>>>

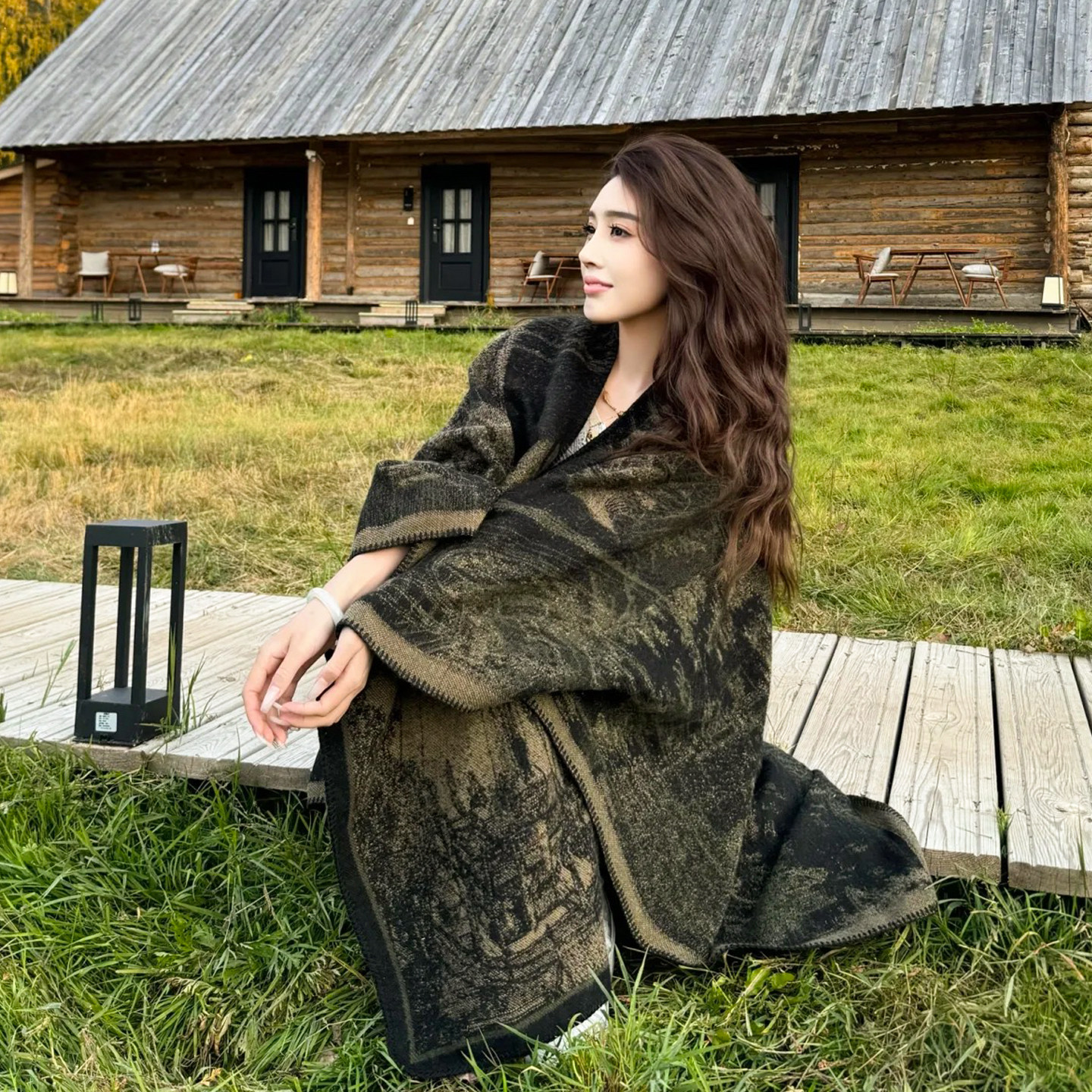 云南丽江民族风蓝色旅游披肩女外搭氛围感时尚披风斗篷针织围巾女
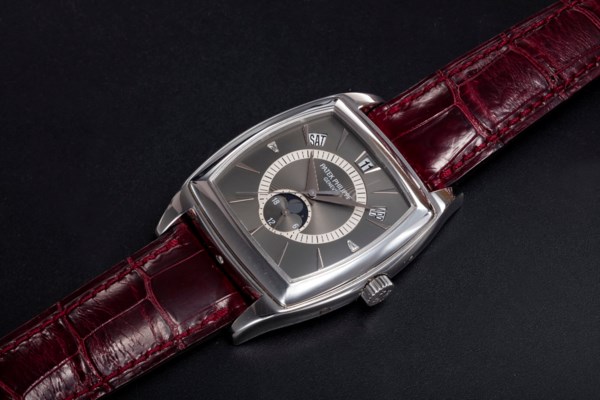 BUCKLE: The platinum Patek Philippe folding buckle shows light scratches.
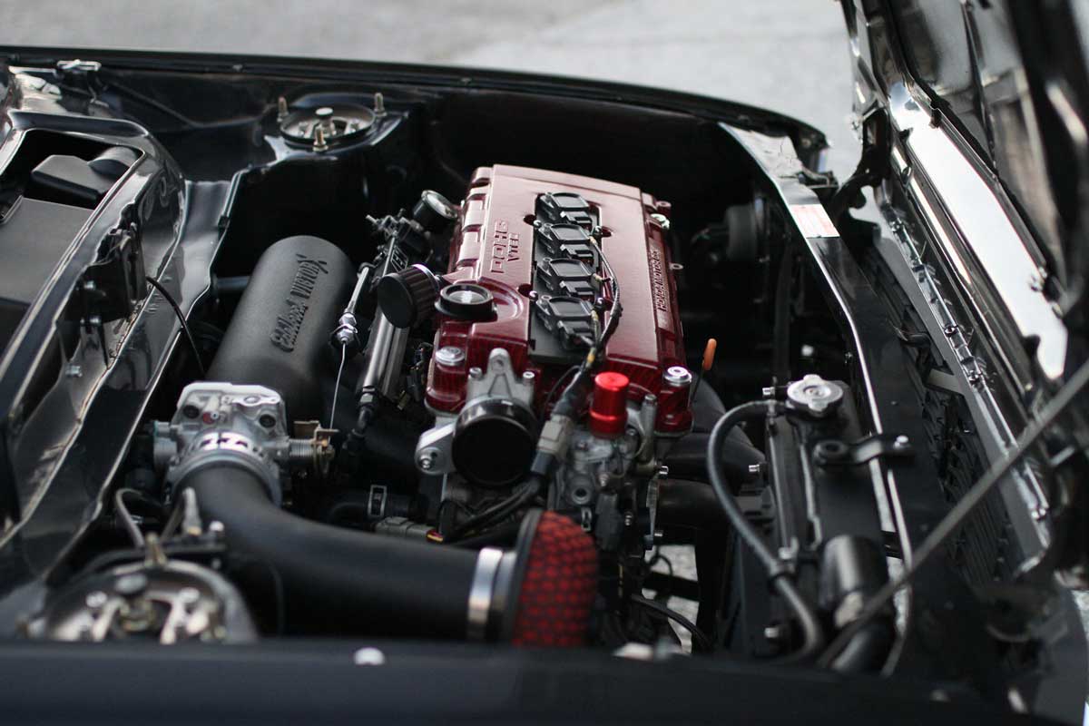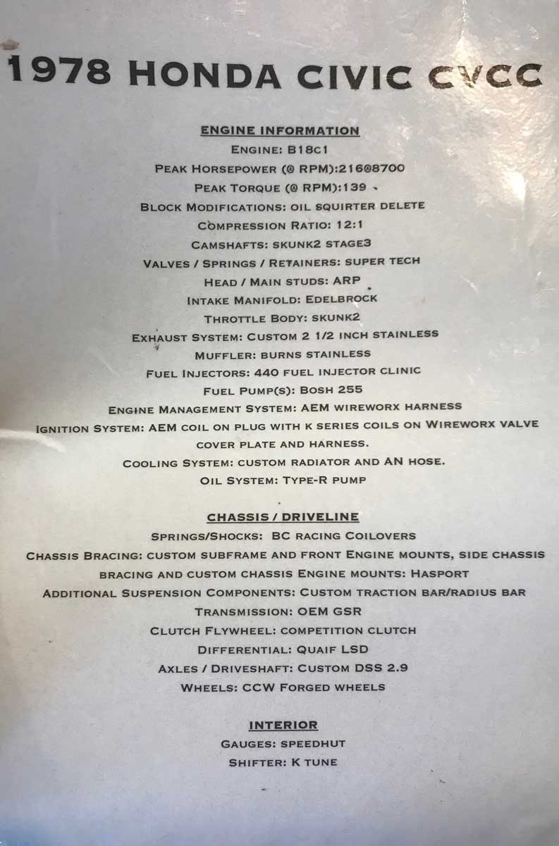 “The engine is a B18C from a 1998 Integra. A good friend welded a completely new radiator and 2 1/2 inch stainless exhaust system. The air intake is shortened, and the Bosh 255 fuel pump can handle up to 1,000 horsepower and the oil is pumped with a type-r pump.”
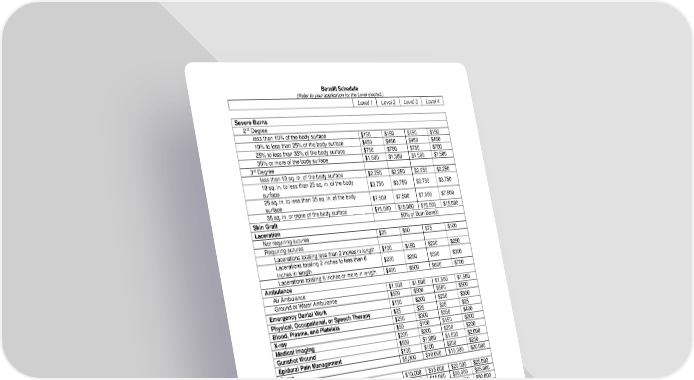 Benefit Schedule (Refer to your application for the Level elected.) Level 1 Level 2 Level 3 Level 4 AO22OCFL 7 Severe Burns 2nd Degree less than 10% of the body surface $150 $150 $150 $150 10% to less than 25% of the body surface $450 $450 $450 $450 25% to less than 35% of the body surface $750 $750 $750 $750 35% or more of the body surface $1,500 $1,500 $1,500 $1,500 3rd Degree less than 10 sq. in. of the body surface $2,250 $2,250 $2,250 $2,250 10 sq. in. to less than 25 sq. in. of the body surface $3,750 $3,750 $3,750 $3,750 25 sq. in. to less than 35 sq. in. of the body surface $7,500 $7,500 $7,500 $7,500 35 sq. in. or more of the body surface $15,000 $15,000 $15,000 $15,000 Skin Graft 50% of Burn Benefit Laceration Not requiring sutures $25 $50 $75 $100 Requiring sutures Lacerations totaling less than 2 inches in length $100 $150 $200 $250 Lacerations totaling 2 inches to less than 6 inches in length $200 $250 $300 $350 Lacerations totaling 6 inches or more in length $400 $500 $600 $700 Ambulance Air Ambulance $1,500 $1,500 $1,500 $1,500 Ground or Water Ambulance $500 $500 $500 $500 Emergency Dental Work $150 $200 $250 $300 Physical, Occupational, or Speech Therapy $25 $25 $25 $25 Blood, Plasma, and Platelets $250 $300 $350 $400 X-ray $50 $100 $150 $200 Medical Imaging $200 $200 $200 $200 Gunshot Wound $500 $1,000 $1,500 $2,000 Epidural Pain Management $100 $150 $200 $250 Coma $5,000 $10,000 $15,000 $20,000 Paralysis Uniplegia $10,000 $15,000 $20,000 $25,000 Paraplegia $10,000 $15,000 $20,000 $25,000 Quadriplegia $20,000 $30,000 $40,000 $50,000 Appliance $100 $150 $200 $250 Prosthesis (per device) $500 $500 $500 $500 Transportation $300 $300 $300 $300 Family Member Lodging and Meals $100 $100 $100 $100 Concussion $200 $250 $300 $350 Traumatic Brain Injury $1,000 $1,500 $2,000 $2,500 Accident Screening $50 $50 $75 $75 THE REMAINDER OF THIS PAGE INTENTIONALLY LEFT BLANK Continued on next page
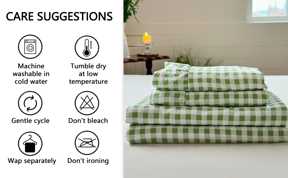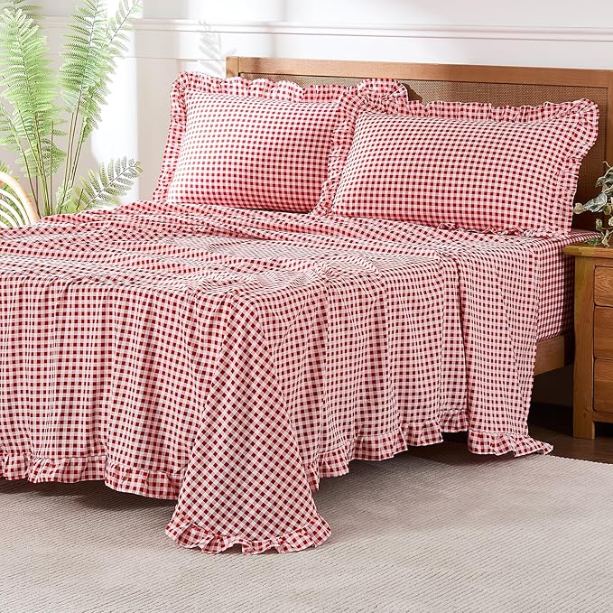 Charming Ruffle Design: This ruffle sheet set adds an elegant farmhouse touch to your bedroom. The delicate ruffled edges and classic gingham pattern blend vintage charm with modern comfort, perfect for creating a cozy aesthetic.
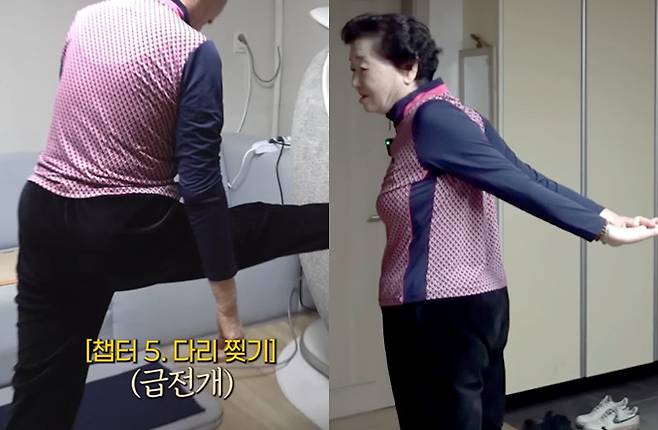 이어 장윤주 어머니는 안마 의자에 다리를 올려 스트레칭을 하는 등 체조를 선보이기도 했다.
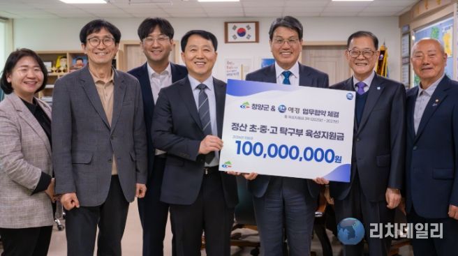 군은 지난 1일 애경산업(주)이 정산 초·중·고등학교 탁구부 육성을 위한 장학금 1억 원을 기탁했다고 밝혔다.
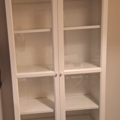Kuvan mukainen Ikean Billy hylly lasiovilla. Yhdessä hyllylevyssä kosteudesta johtuva jälki ja ylimmässä levyssä myös kosteudesta jälkiä.
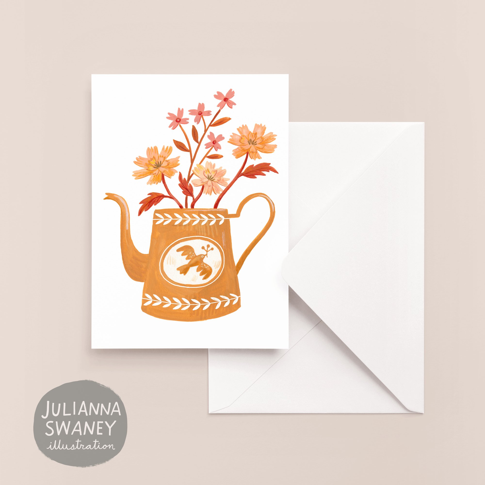 ◆ Brighten someone's day with this greeting card featuring my illustration of flowers in a cheerful yellow tea pot. ◆ Blank inside ◆5x7 inches ◆ Included one white envelope ◆ Packaged in a plant based compostable sleeve
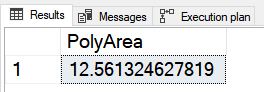 DECLARE @g GEOMETRY; SELECT @g = PolyVarBin FROM [dbo].PolyTable WHERE [PolyName] = 'Point1'; select @g.STArea() as PolyArea;
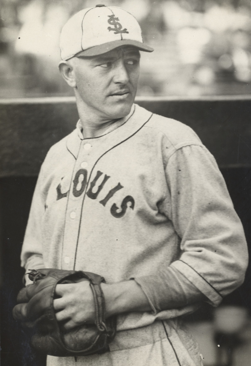 Portrait of pitcher Alvin Crowder wearing a St. Louis Browns uniform. Typed on label: "Alvin F. Crowder, Washington, 1933." Dates on label reflect affiliation with Washington Senators.

<<<

WHAT IS NEEDED:
Your answer must be the lines from the one containing "이어 장윤주 어머니는" through the final line of the entries, duplicated exactly, with both ends kept and all pictures left out.

RESULT OF THE TASK:
 이어 장윤주 어머니는 안마 의자에 다리를 올려 스트레칭을 하는 등 체조를 선보이기도 했다.
 군은 지난 1일 애경산업(주)이 정산 초·중·고등학교 탁구부 육성을 위한 장학금 1억 원을 기탁했다고 밝혔다.
Kuvan mukainen Ikean Billy hylly lasiovilla. Yhdessä hyllylevyssä kosteudesta johtuva jälki ja ylimmässä levyssä myös kosteudesta jälkiä.
 ◆ Brighten someone's day with this greeting card featuring my illustration of flowers in a cheerful yellow tea pot. ◆ Blank inside ◆5x7 inches ◆ Included one white envelope ◆ Packaged in a plant based compostable sleeve
 DECLARE @g GEOMETRY; SELECT @g = PolyVarBin FROM [dbo].PolyTable WHERE [PolyName] = 'Point1'; select @g.STArea() as PolyArea;
 Portrait of pitcher Alvin Crowder wearing a St. Louis Browns uniform. Typed on label: "Alvin F. Crowder, Washington, 1933." Dates on label reflect affiliation with Washington Senators.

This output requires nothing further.